The Background
A few years ago, a friend of mine, who knew I had an interest in engineering tools and who had seen an example of an earlier restoration job I had done on an old engineering vise, asked me if I would be interested in an old Lathe that he owned. He didn't know much about it other than he had bought it some 30 years ago "from a chap for £20", and used it a bit when he was in his 20's, but since then it had been rusting away in his Fathers shed down in Devon (Apparently his father used it occasionally but not for the last 10 years or so). My friend no longer had a use for it, but from sentimental value would love to see it restored. A few weeks later he turned up with this.
Initial Research
As with all restoration projects, the first thing to do is research. After a little digging on the web we established this was an American made lathe dating back to the 1940 -1950's. The more we dug into the history, the more exciting the project became. Might this lathe be connected somehow with the monumental war effort of Britain during World War II.
The History Bit
Prior to the signing of the Lend Lease Act by President Roosevelt in March of 1941, Britain had been buying war materiel from the United States on a Cash and Carry basis. Whilst much of the focus of these purchases were on ships, vehicles and armaments, Britain also required large quantities of machine tools to equip it's massively expanding armaments industry.

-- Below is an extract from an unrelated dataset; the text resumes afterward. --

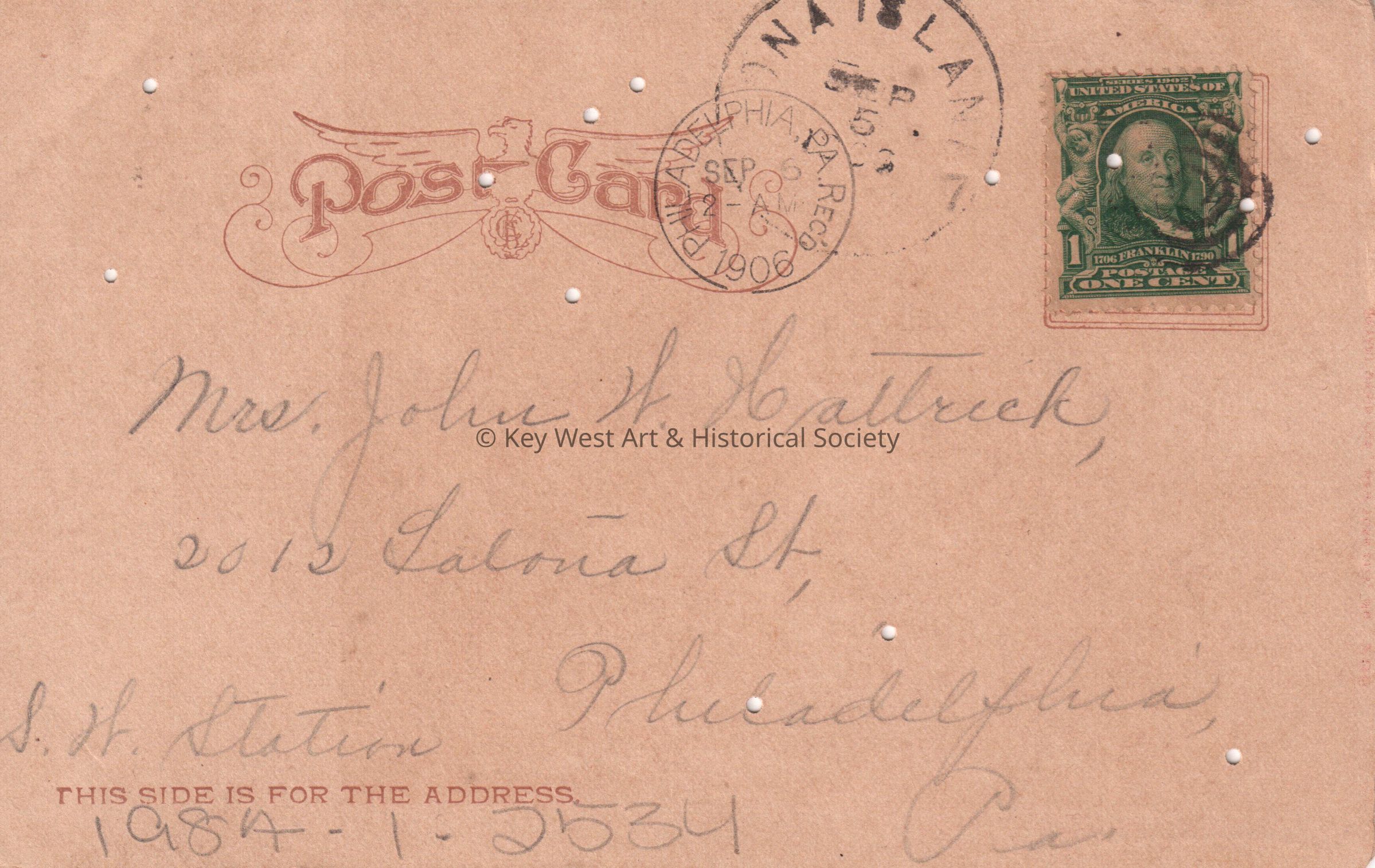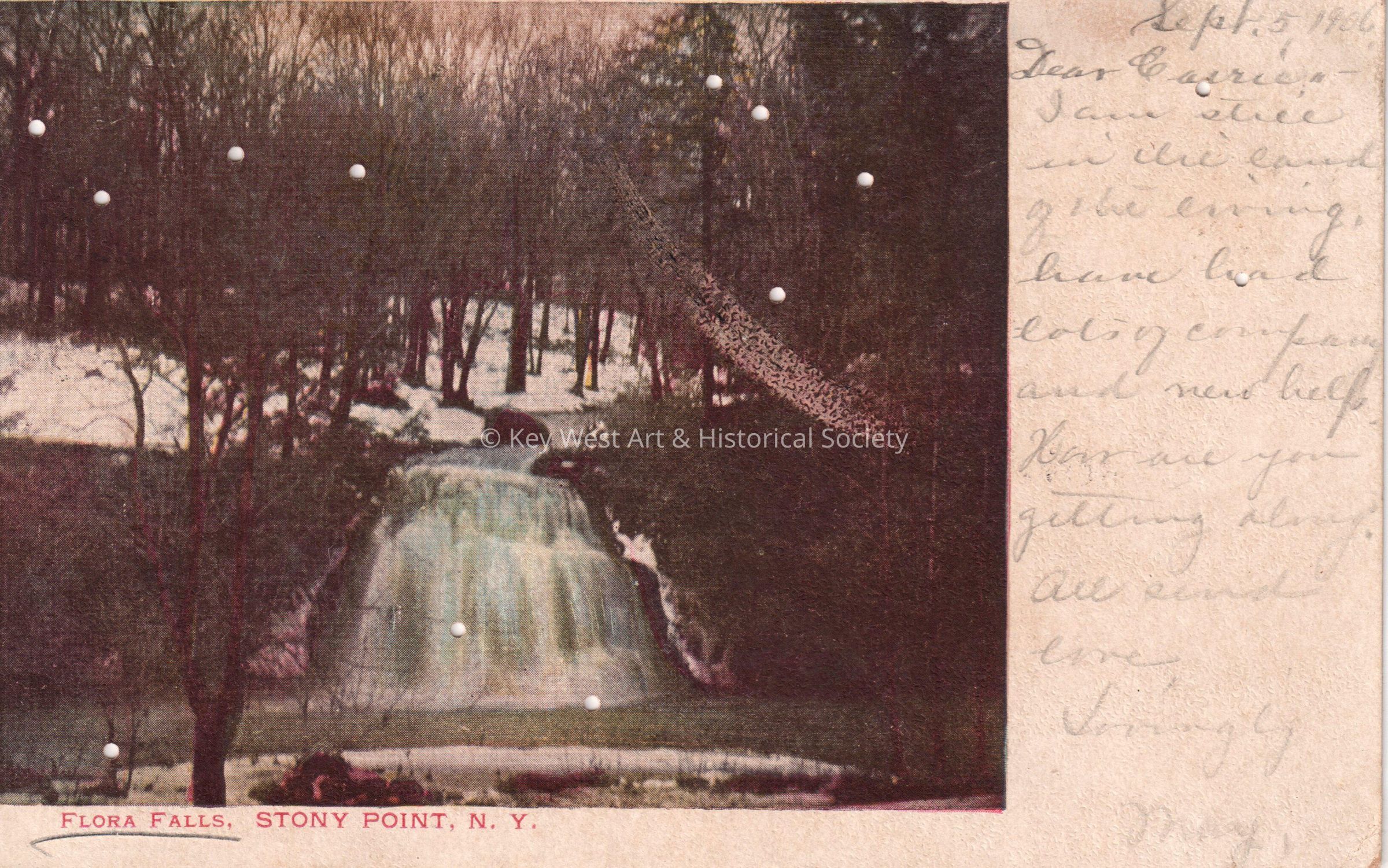 Postcard depicting a waterfall in snowy woods. The caption reads, ‘Flora Falls, Stony Point, New York’. The message on the front reads, ‘September 5, 1906, Dear Carrie, I am still in the land of the living. Have had lots of company and new help. How are you getting along? All send love. Lovingly, May’. The card is addressed to Mrs. John W. Hattrick, 2012 Latona Street, Southwest Station, Philadelphia, Pennsylvania, and is postmarked Philadelphia, September 6, 1906.Subject Place

As any good machinist knows, one of the mainstays of an engineering workshop is a Lathe, especially when you are having to produce huge quantities of gun barrels, threaded screws and the 101 other steel, aluminium and brass widgets and thingamajigs that go into building war machines and their weapons. At the time, one of the best and (and due to American Mass production techniques, cheapest) multi-speed, multi-geared, powered cross feed lathes on the market was the Atlas 10F made by the Atlas Press Company of Kalamzoo, Michigan, USA.
The Strip Down
So began the long, occasionally frustrating, very very dirty but great fun job of stripping down the machine to it's component parts. Each one of the over 1000 components from the huge one piece Lathe bed to the tiniest grub screw was removed and cleaned. All the old paint from a badly done restore 30+ years ago had to be stripped off and the pieces wire wool sanded clean by hand. Some minor repair work was needed on several components but the majority of the work was done with good old fashioned sweat and elbow grease.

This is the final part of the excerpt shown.